→ Task description
Below are the entries; set down each of them exactly.

(Dataset entries)
------------------------------------------------------------

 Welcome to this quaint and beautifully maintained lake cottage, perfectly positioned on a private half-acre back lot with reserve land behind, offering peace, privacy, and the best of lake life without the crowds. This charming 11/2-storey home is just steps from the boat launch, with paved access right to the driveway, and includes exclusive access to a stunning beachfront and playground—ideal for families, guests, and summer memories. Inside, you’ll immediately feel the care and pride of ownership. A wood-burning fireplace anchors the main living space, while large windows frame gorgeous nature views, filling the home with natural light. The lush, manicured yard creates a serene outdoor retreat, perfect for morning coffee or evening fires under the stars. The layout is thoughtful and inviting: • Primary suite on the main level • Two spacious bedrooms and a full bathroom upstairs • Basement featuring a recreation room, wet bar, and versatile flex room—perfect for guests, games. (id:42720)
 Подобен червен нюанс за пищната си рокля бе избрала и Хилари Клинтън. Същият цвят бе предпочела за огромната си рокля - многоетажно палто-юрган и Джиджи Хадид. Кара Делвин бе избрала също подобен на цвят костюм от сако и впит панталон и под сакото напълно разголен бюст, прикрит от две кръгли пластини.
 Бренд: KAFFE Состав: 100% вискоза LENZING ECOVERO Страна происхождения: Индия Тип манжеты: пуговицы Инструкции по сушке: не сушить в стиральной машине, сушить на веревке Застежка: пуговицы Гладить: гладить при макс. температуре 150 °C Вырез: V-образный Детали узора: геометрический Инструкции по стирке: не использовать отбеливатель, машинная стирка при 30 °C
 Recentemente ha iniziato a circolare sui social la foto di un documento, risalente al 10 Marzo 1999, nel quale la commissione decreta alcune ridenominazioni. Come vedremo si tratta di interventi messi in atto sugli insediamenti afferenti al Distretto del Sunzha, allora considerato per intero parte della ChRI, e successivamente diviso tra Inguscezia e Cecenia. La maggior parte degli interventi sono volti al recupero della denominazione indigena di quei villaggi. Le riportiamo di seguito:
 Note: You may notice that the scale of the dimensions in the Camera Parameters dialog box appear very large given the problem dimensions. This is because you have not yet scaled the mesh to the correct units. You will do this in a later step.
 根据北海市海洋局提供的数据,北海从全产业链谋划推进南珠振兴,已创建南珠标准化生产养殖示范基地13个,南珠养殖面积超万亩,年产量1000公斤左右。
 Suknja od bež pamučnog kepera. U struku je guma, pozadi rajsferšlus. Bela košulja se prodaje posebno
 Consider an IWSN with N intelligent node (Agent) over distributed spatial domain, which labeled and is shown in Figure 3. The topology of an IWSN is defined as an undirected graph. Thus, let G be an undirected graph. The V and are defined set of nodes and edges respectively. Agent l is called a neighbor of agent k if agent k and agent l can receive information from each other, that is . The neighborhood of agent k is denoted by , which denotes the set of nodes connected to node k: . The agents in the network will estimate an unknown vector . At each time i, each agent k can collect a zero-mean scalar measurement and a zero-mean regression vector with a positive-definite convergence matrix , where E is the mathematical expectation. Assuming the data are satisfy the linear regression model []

------------------------------------------------------------

→ Your response
 Welcome to this quaint and beautifully maintained lake cottage, perfectly positioned on a private half-acre back lot with reserve land behind, offering peace, privacy, and the best of lake life without the crowds. This charming 11/2-storey home is just steps from the boat launch, with paved access right to the driveway, and includes exclusive access to a stunning beachfront and playground—ideal for families, guests, and summer memories. Inside, you’ll immediately feel the care and pride of ownership. A wood-burning fireplace anchors the main living space, while large windows frame gorgeous nature views, filling the home with natural light. The lush, manicured yard creates a serene outdoor retreat, perfect for morning coffee or evening fires under the stars. The layout is thoughtful and inviting: • Primary suite on the main level • Two spacious bedrooms and a full bathroom upstairs • Basement featuring a recreation room, wet bar, and versatile flex room—perfect for guests, games. (id:42720)
 Подобен червен нюанс за пищната си рокля бе избрала и Хилари Клинтън. Същият цвят бе предпочела за огромната си рокля - многоетажно палто-юрган и Джиджи Хадид. Кара Делвин бе избрала също подобен на цвят костюм от сако и впит панталон и под сакото напълно разголен бюст, прикрит от две кръгли пластини.
 Бренд: KAFFE Состав: 100% вискоза LENZING ECOVERO Страна происхождения: Индия Тип манжеты: пуговицы Инструкции по сушке: не сушить в стиральной машине, сушить на веревке Застежка: пуговицы Гладить: гладить при макс. температуре 150 °C Вырез: V-образный Детали узора: геометрический Инструкции по стирке: не использовать отбеливатель, машинная стирка при 30 °C
 Recentemente ha iniziato a circolare sui social la foto di un documento, risalente al 10 Marzo 1999, nel quale la commissione decreta alcune ridenominazioni. Come vedremo si tratta di interventi messi in atto sugli insediamenti afferenti al Distretto del Sunzha, allora considerato per intero parte della ChRI, e successivamente diviso tra Inguscezia e Cecenia. La maggior parte degli interventi sono volti al recupero della denominazione indigena di quei villaggi. Le riportiamo di seguito:
 Note: You may notice that the scale of the dimensions in the Camera Parameters dialog box appear very large given the problem dimensions. This is because you have not yet scaled the mesh to the correct units. You will do this in a later step.
 根据北海市海洋局提供的数据,北海从全产业链谋划推进南珠振兴,已创建南珠标准化生产养殖示范基地13个,南珠养殖面积超万亩,年产量1000公斤左右。
 Suknja od bež pamučnog kepera. U struku je guma, pozadi rajsferšlus. Bela košulja se prodaje posebno
 Consider an IWSN with N intelligent node (Agent) over distributed spatial domain, which labeled and is shown in Figure 3. The topology of an IWSN is defined as an undirected graph. Thus, let G be an undirected graph. The V and are defined set of nodes and edges respectively. Agent l is called a neighbor of agent k if agent k and agent l can receive information from each other, that is . The neighborhood of agent k is denoted by , which denotes the set of nodes connected to node k: . The agents in the network will estimate an unknown vector . At each time i, each agent k can collect a zero-mean scalar measurement and a zero-mean regression vector with a positive-definite convergence matrix , where E is the mathematical expectation. Assuming the data are satisfy the linear regression model []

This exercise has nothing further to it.